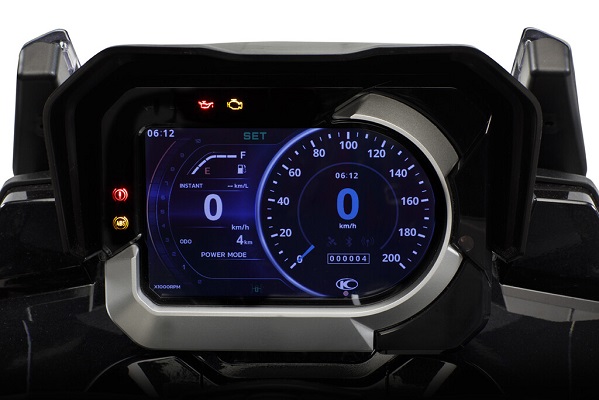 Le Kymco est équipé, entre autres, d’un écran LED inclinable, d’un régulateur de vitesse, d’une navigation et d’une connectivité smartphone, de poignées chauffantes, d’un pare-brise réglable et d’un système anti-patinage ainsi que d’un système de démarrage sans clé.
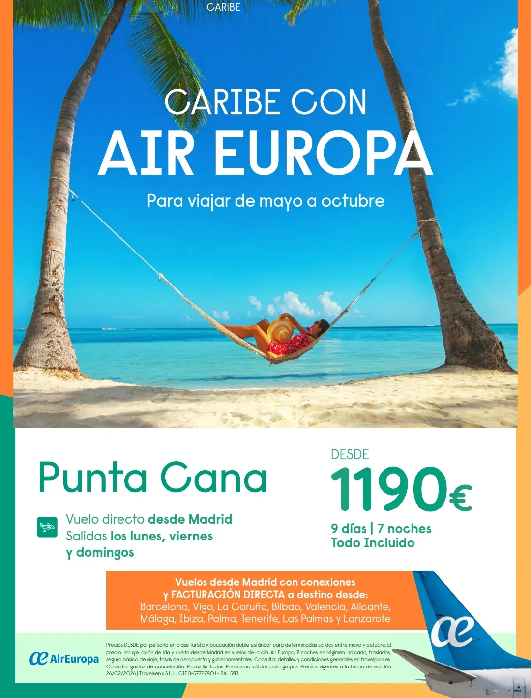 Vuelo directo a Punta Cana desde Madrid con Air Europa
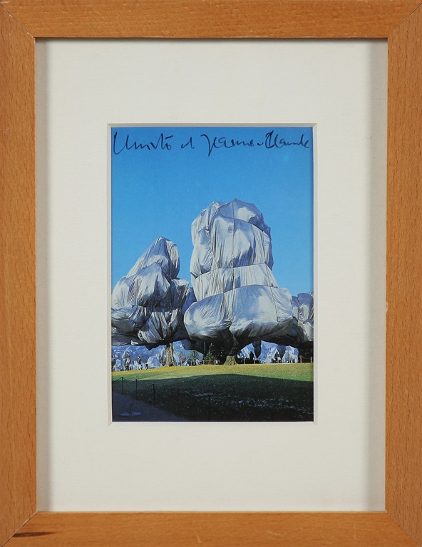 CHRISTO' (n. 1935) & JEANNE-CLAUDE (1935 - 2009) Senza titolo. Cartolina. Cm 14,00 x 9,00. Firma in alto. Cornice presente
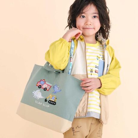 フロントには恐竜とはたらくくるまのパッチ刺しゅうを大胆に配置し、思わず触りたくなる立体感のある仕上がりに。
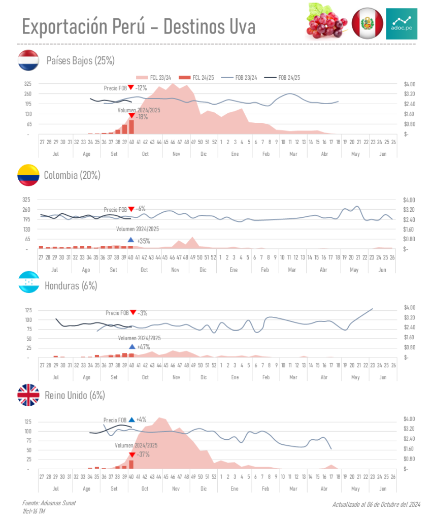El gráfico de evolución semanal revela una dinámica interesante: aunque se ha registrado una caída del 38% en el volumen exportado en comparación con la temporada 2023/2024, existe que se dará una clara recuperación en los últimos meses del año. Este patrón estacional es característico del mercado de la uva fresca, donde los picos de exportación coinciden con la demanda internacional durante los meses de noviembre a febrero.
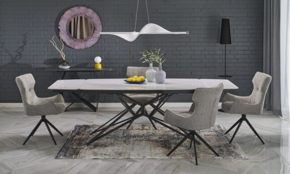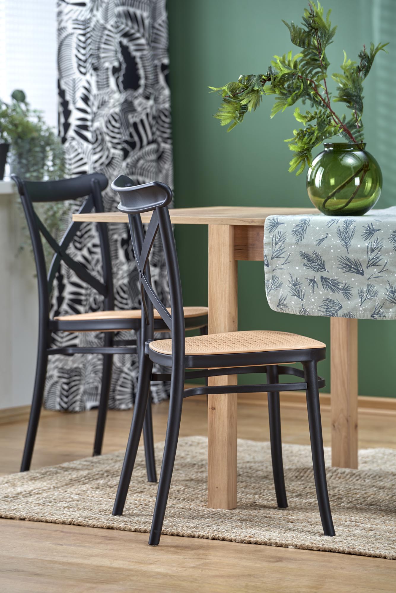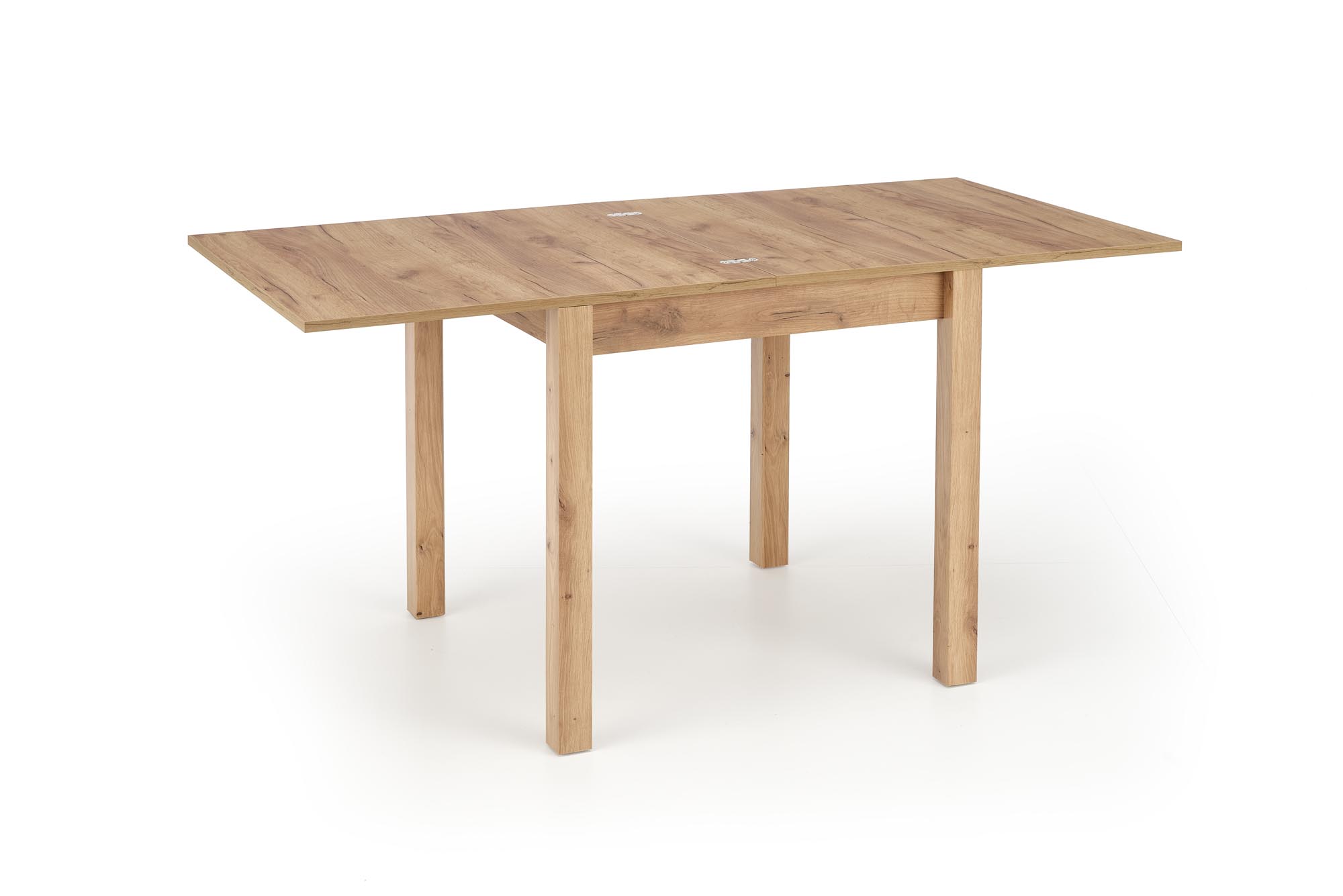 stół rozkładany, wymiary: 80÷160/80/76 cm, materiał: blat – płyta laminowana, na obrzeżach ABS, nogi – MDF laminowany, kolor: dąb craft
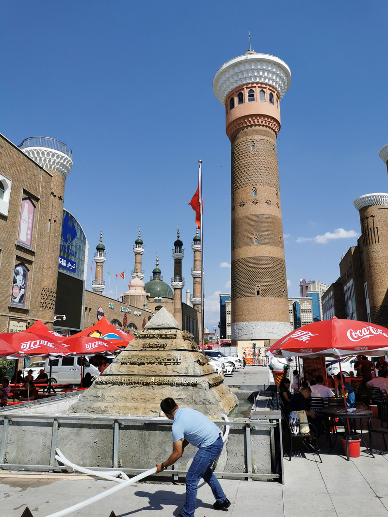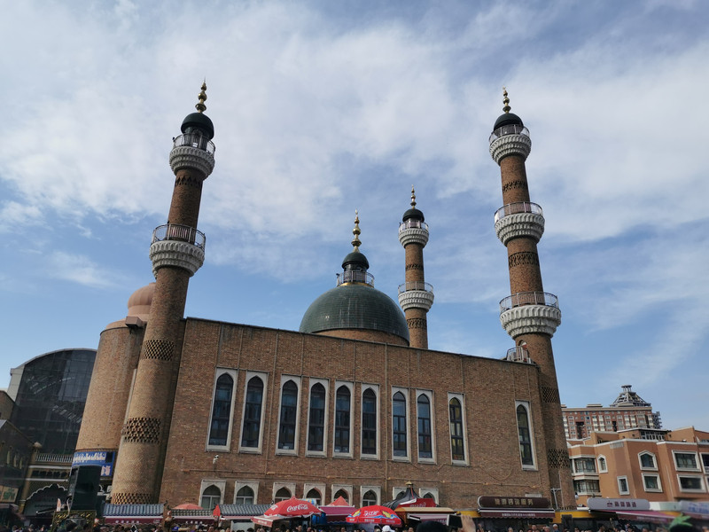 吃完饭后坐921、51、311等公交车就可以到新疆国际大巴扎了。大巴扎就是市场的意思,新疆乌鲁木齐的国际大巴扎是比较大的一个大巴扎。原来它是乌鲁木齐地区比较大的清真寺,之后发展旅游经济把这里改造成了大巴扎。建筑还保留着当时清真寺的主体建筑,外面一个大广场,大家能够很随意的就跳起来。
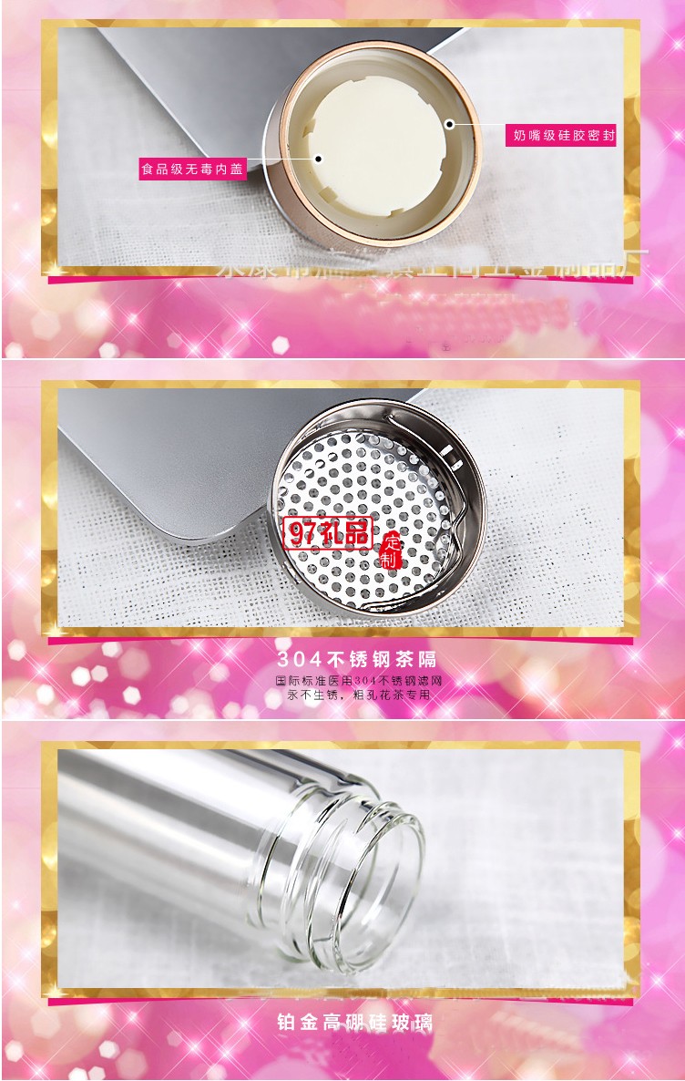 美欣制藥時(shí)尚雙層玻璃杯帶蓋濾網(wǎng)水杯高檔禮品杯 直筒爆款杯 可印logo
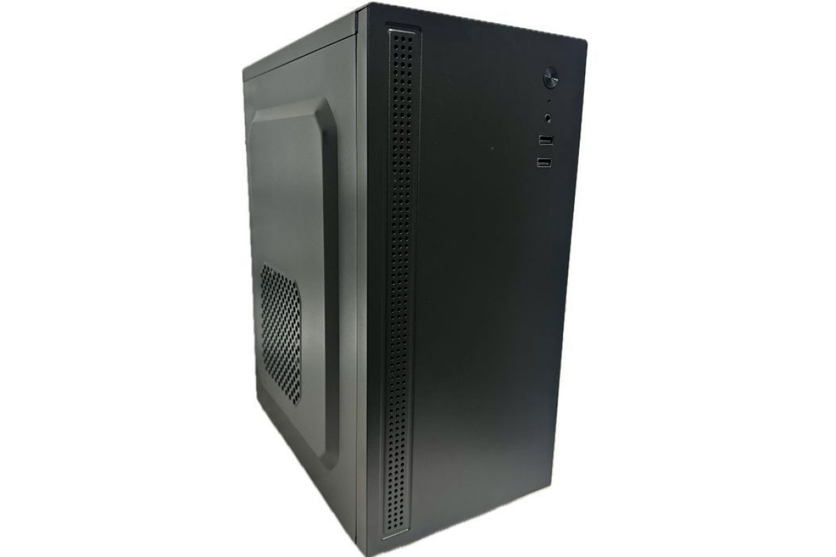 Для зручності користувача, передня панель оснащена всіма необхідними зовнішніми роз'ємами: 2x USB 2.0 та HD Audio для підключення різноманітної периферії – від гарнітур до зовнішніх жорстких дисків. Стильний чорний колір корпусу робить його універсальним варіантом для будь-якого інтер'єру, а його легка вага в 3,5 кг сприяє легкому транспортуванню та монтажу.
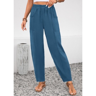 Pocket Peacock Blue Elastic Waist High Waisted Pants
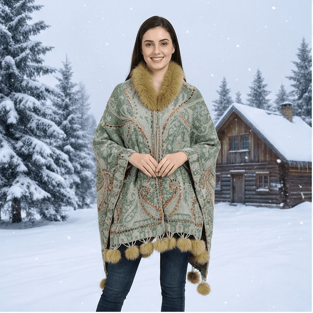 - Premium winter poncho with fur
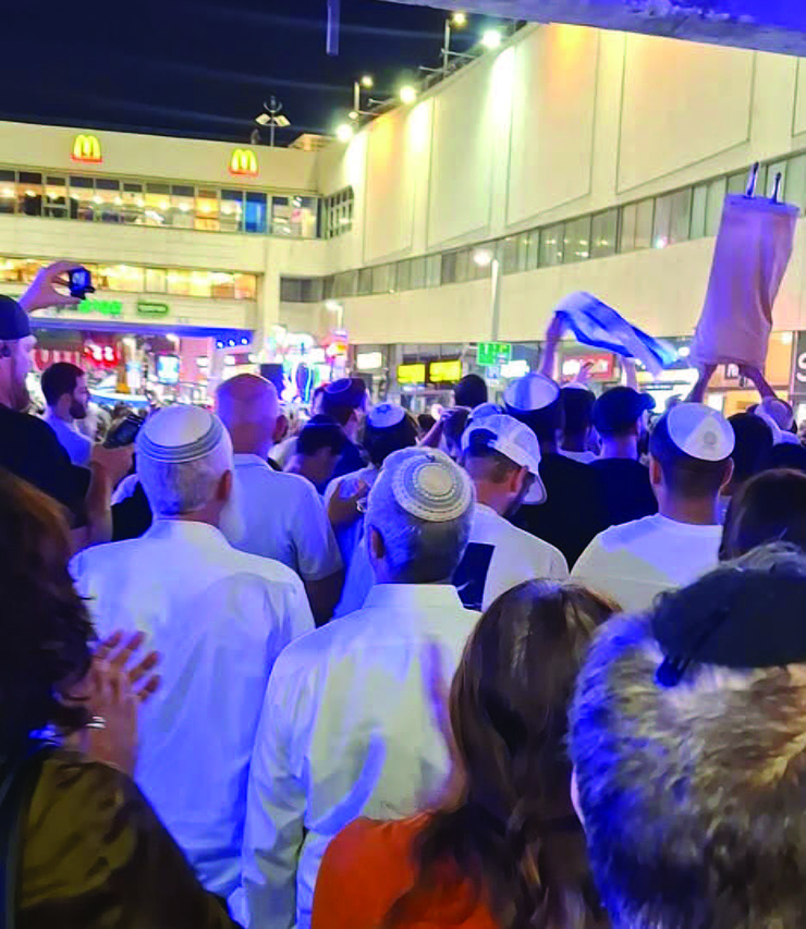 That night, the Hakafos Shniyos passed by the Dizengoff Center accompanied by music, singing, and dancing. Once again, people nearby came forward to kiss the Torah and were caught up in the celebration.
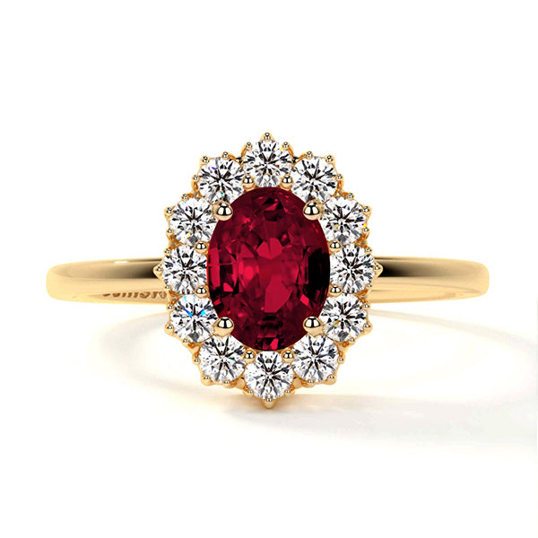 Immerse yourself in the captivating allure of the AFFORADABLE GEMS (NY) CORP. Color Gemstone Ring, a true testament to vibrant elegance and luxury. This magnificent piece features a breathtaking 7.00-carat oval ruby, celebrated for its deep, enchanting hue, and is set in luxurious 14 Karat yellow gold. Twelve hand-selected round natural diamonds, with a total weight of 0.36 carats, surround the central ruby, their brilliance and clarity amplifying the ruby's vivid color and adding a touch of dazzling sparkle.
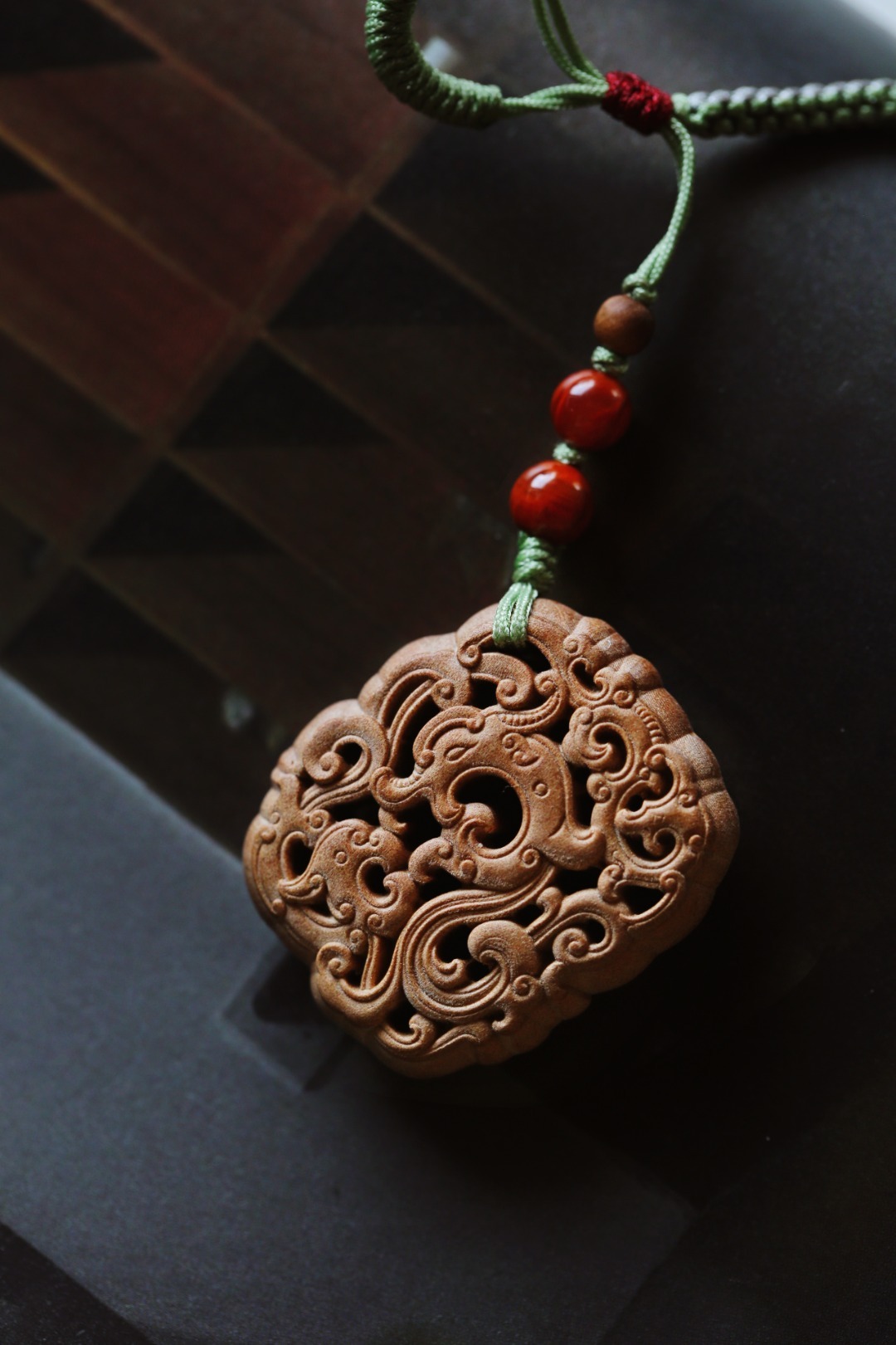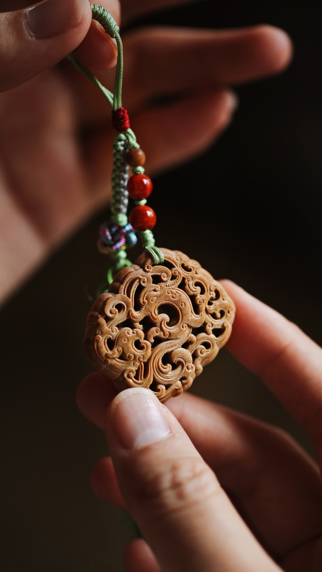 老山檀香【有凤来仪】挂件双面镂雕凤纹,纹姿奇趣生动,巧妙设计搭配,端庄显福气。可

What is being asked
I would like the exact lines from the data above, starting with the one that holds "CHRISTO' (n. 1935)" and going on through the one that holds "El gráfico de", without the pictures.

Expected answer
 CHRISTO' (n. 1935) & JEANNE-CLAUDE (1935 - 2009) Senza titolo. Cartolina. Cm 14,00 x 9,00. Firma in alto. Cornice presente
 フロントには恐竜とはたらくくるまのパッチ刺しゅうを大胆に配置し、思わず触りたくなる立体感のある仕上がりに。
El gráfico de evolución semanal revela una dinámica interesante: aunque se ha registrado una caída del 38% en el volumen exportado en comparación con la temporada 2023/2024, existe que se dará una clara recuperación en los últimos meses del año. Este patrón estacional es característico del mercado de la uva fresca, donde los picos de exportación coinciden con la demanda internacional durante los meses de noviembre a febrero.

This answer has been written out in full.